Imaginemos un bebé de unos 10 meses de edad gateando por el suelo de su casa. Es lo normal a esa edad. El pequeño está fascinado con todo lo que le rodea. Todo es nuevo. Todo es sorprendente. Pero, para él, lo más importante es que muchas cosas están a su alcance y las puede tocar y conocer por sí mismo, aunque algunas veces caiga rodando por el suelo porque no sabe coordinar y calcular sus movimientos. Este bebé no es muy diferente a una persona adulta si lo vemos como una metáfora. El adulto, cuando se hace mayor, avanza como puede en medio de la vida. Busca y quiere conocer. A veces se cae en el intento. Y vuelve de nuevo a gatear en busca de nuevos horizontes y posibilidades.
Volvamos al bebé. Este pequeño explorador se encuentra a veces con sorpresas. Un objeto nuevo que llama su atención por ser desconocido para él y que, por la ley de la curiosidad, se siente atraído hacia él para tocarlo con sus propias manos.
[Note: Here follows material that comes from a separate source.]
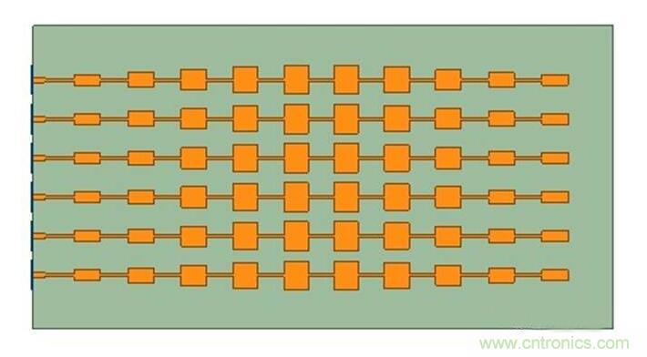 圖3 串饋微帶貼片線陣結構示意圖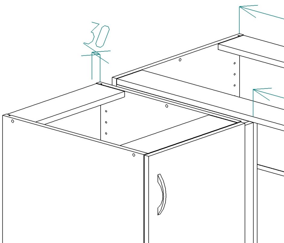 Схема сборки углового шкафа под мойку для кухни

En situaciones como ésta, el bebé experimenta una gran frustración. Cuando acerca sus deditos al enchufe, con la idea de introducirlos en los agujeros, oye un grito de alarma de su padre/madre y a continuación siente su brazo agarrándolo con fuerza y alejándolo de allí. A continuación, escucha unas palabras nada agradables de su progenitor advirtiéndole que no se acerque a éso, que no lo toque, porque hace daño. A partir de ése momento el bebé sentirá una inquietud por conocer personalmente y tocar con sus propias manos aquello que había visto, pero ahora ya sabe también que aquello es peligroso.
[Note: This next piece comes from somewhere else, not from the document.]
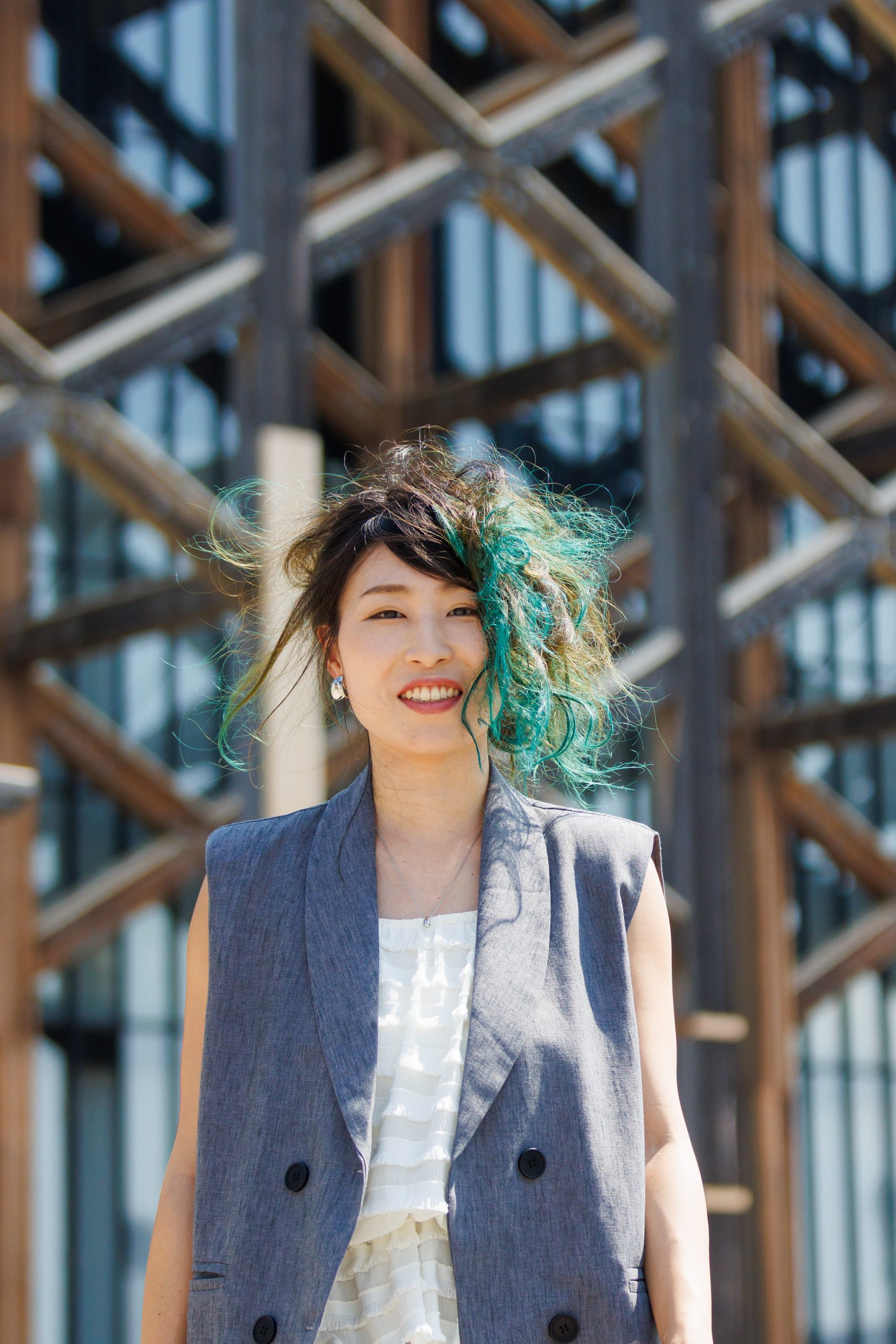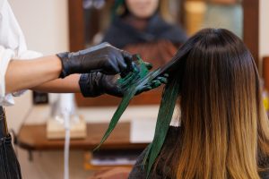 パキっとグリーンにイメチェンしましたが、全体を染めているわけではないので結んだり、お団子にすることで染めたところを隠すこともできるのでTPOに合わせたスタイルに変更することもできます✨

Dios, nuestro Padre, es así con nosotros. Cuando nos advierte del pecado, no se ha inventado un catálogo de cosas prohibidas para restringirnos nuestra libertad. Dios no hace mas que recordarnos las cosas que objetivamente nos hacen mal. El enchufe no es un capricho del padre/madre que se tiene reservado para él y del que priva a su bebé, restándole su libertad. Es que él sabe que si su bebé introduce los dedos en él se electrocuta y se muere. Y no está dispuesto a que éso pase. Y hará lo imposible por evitar que su hijo se acerque al enchufe. Porque quiere a su hijo. El enchufe no electrocuta porque se le haya ocurrido al padre/madre, sino porque lleva corriente eléctrica y el cuerpo humano es un conductor de la electricidad porque está formado mayoritariamente por agua. Y el padre lo sabe. Dios también.
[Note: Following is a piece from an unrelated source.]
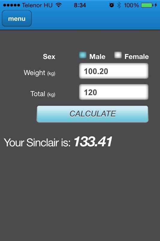 Enter your bodyweight and Total Result, select your gender and click Calculate to get your Sinclair Points.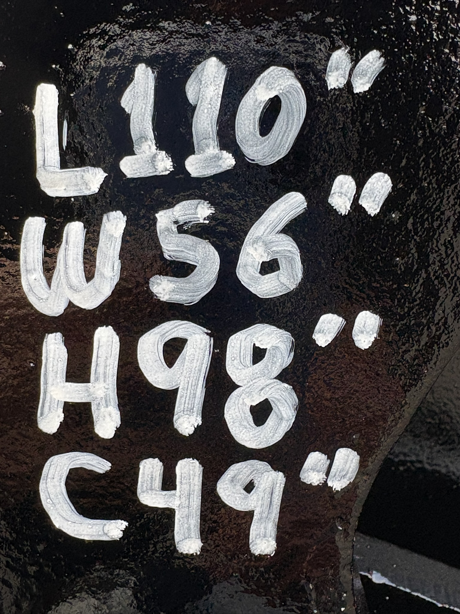 L: 110" W: 56" H: 98"

Dios no se ha inventado un catálogo de pecados que resten parcelas de libertad a sus hijos porque se siente celoso de ellos. El mal existe antes de que Dios se lo haya advertido al hombre. Dios no se lo ha inventado. Él sólo hace que recordárselo a sus hijos para evitar que mueran lentamente por su acción. Y la Iglesia, la Madre, nos ayuda en esta misión. Enemistarse con un hermano es un mal en sí mismo porque nos hace aborrecer a nuestra propia carne, no porque se lo haya inventado Dios. Agredir a una persona es un mal porque causa un daño moral y físico al prójimo, que es nuestro hermano, y a nosotros mismos, no porque se lo haya inventado Dios. Robarle también es un mal porque le provocamos un daño, y también a nosotros. Adulterar con una mujer/hombre es un mal en sí mismo porque rompe la unidad de la carne consagrada en el matrimonio y causa un daño moral muy difícil de reparar en el cónyuge, en el/la amante y en nosotros mismos. Etc, etc, etc
Si el bebé finalmente desobedece a su padre/madre y consigue meter los dedos en el enchufe, probablemente morirá electrocutado. Le habrá matado la electricidad, no su padre/madre que le advirtieron de las consecuencias de tocarlo. Cuando Dios nos advierte del peligro del pecado es que sabe que moriremos en él. A diferencia del bebé, lo haremos lentamente, poco a poco, sin darnos cuenta, desobedeciendo cada vez más a nuestro padre/madre y exponiéndonos cada vez a más peligros que desconocemos. Por tanto, el padre que aparta a su bebé del enchufe no es un juez que condena a su hijo a no tocarlo. Es un padre que lucha por la vida de su hijo. Dios no condena a nadie porque Él es Amor. Y no puede condenar a sus hijos porque son sus hijos. El hombre se condena al pecado y a la muerte por sí mismo. El pecado engendra en sí mismo la muerte, como una semilla que irremediablemente va germinando dentro de nosotros. El pecado es el que nos condena, no Dios. El enchufe es el que electrocuta al bebé, no su padre.